Class HxmlTokeniser
java.lang.Object
|
+----HxmlTokeniser
- public class HxmlTokeniser
- extends Object
A StringTokenizer like, XML/HTML parser.
I did make use of some Aelfred ideas, especially the nice way that the parsing was
carried out, but generally apart from some method naming and small pieces of code/logic
I utilised, this parser is different, more based on my original HtmlStreamTokenizer, which
is implemented along the lines of java.util.StringTokenizer.
Note: Tag, Entity, ProcessingInstruction and Function names must be of the following form:
First char: ('_'|':'|[a-zA-Z])
The rest: ('_'|'.'|[a-zA-Z0-9])
At this point even though this parser is written to correctly recognise and return COMMENT, CDATA and PI
the default is to parse them, but then to put them into the dataBuffer as normal text. This is controlled
by three private boolean variables. (ignoreComments, ignoreCData, ignorePI)
- Recognises
- &entity;
- <Start Tag>
- <Empty Tag/>
- </End Tag>
- $function(...)
If you define tags for the parser to look for, it will not find any &entity; or $function(...) tags
inside the tags.
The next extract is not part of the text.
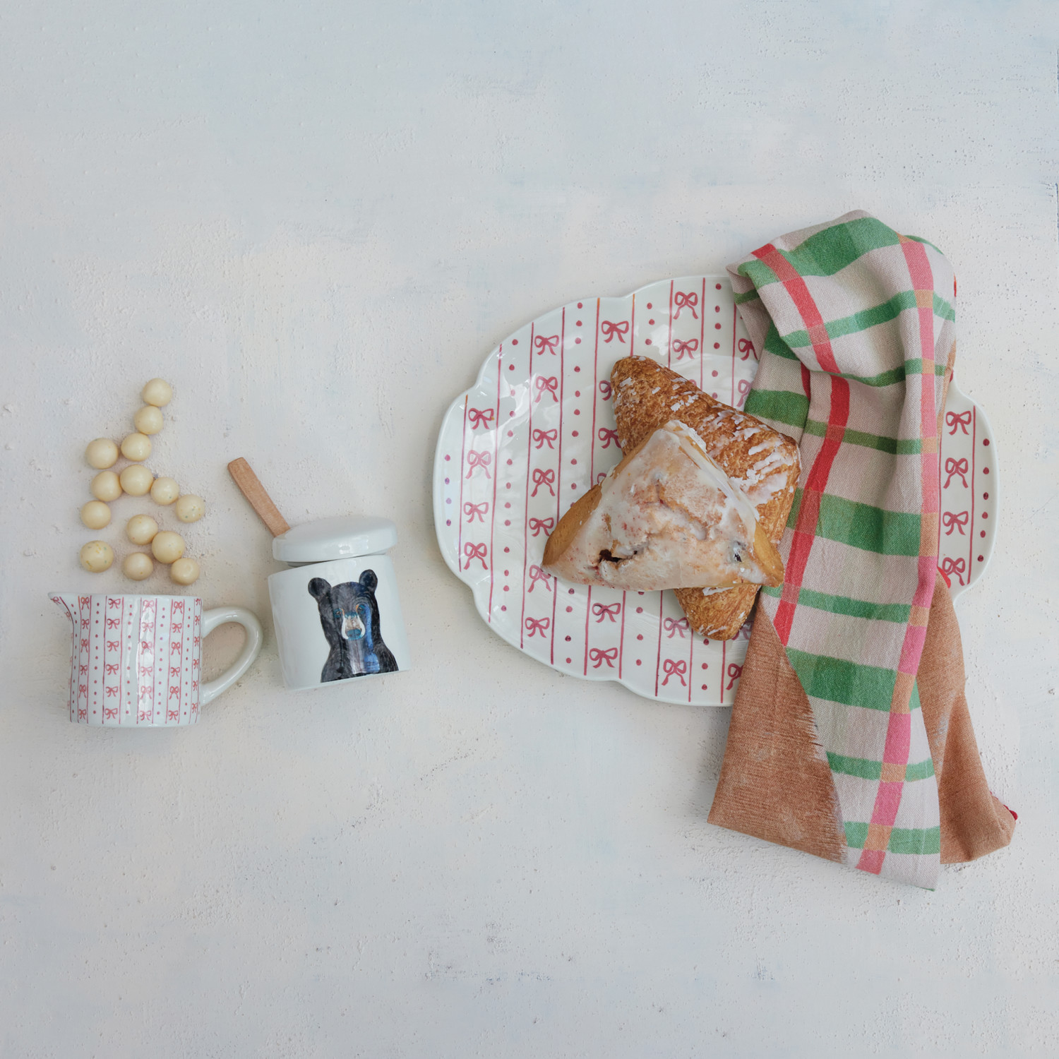 Catalog Name: 5"L x 3"W x 3"H 4 oz. Stoneware Creamer w/ Bow Pattern & 2-3/4" Round x 3"H Stoneware Sugar Pot w/ Bear, Lid & Wood Spoon, Multi Color, Set of 3 ©

The same goes if you specify that the parser should look for Program Instructions
or CDATA sections. Nothing will be be returned from inside the instructions.
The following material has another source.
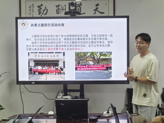 丁一聚焦团委核心工作,首先介绍学院团委概况、团委各部门职能,明确其在团务统筹与思想引领中的关键作用;随后详解团支部建设、共青团主题活动申报材料规范、PU活动开展要点以及团支部委员会的分工协作,重点强调团支书作为学生骨干应具备的责任与担当。

Copyright (C)2001 Jason Pell.
This program is free software; you can redistribute it and/or
modify it under the terms of the GNU General Public License
as published by the Free Software Foundation; either version 2
of the License, or (at your option) any later version.
This program is distributed in the hope that it will be useful,
but WITHOUT ANY WARRANTY; without even the implied warranty of
MERCHANTABILITY or FITNESS FOR A PARTICULAR PURPOSE. See the
GNU General Public License for more details.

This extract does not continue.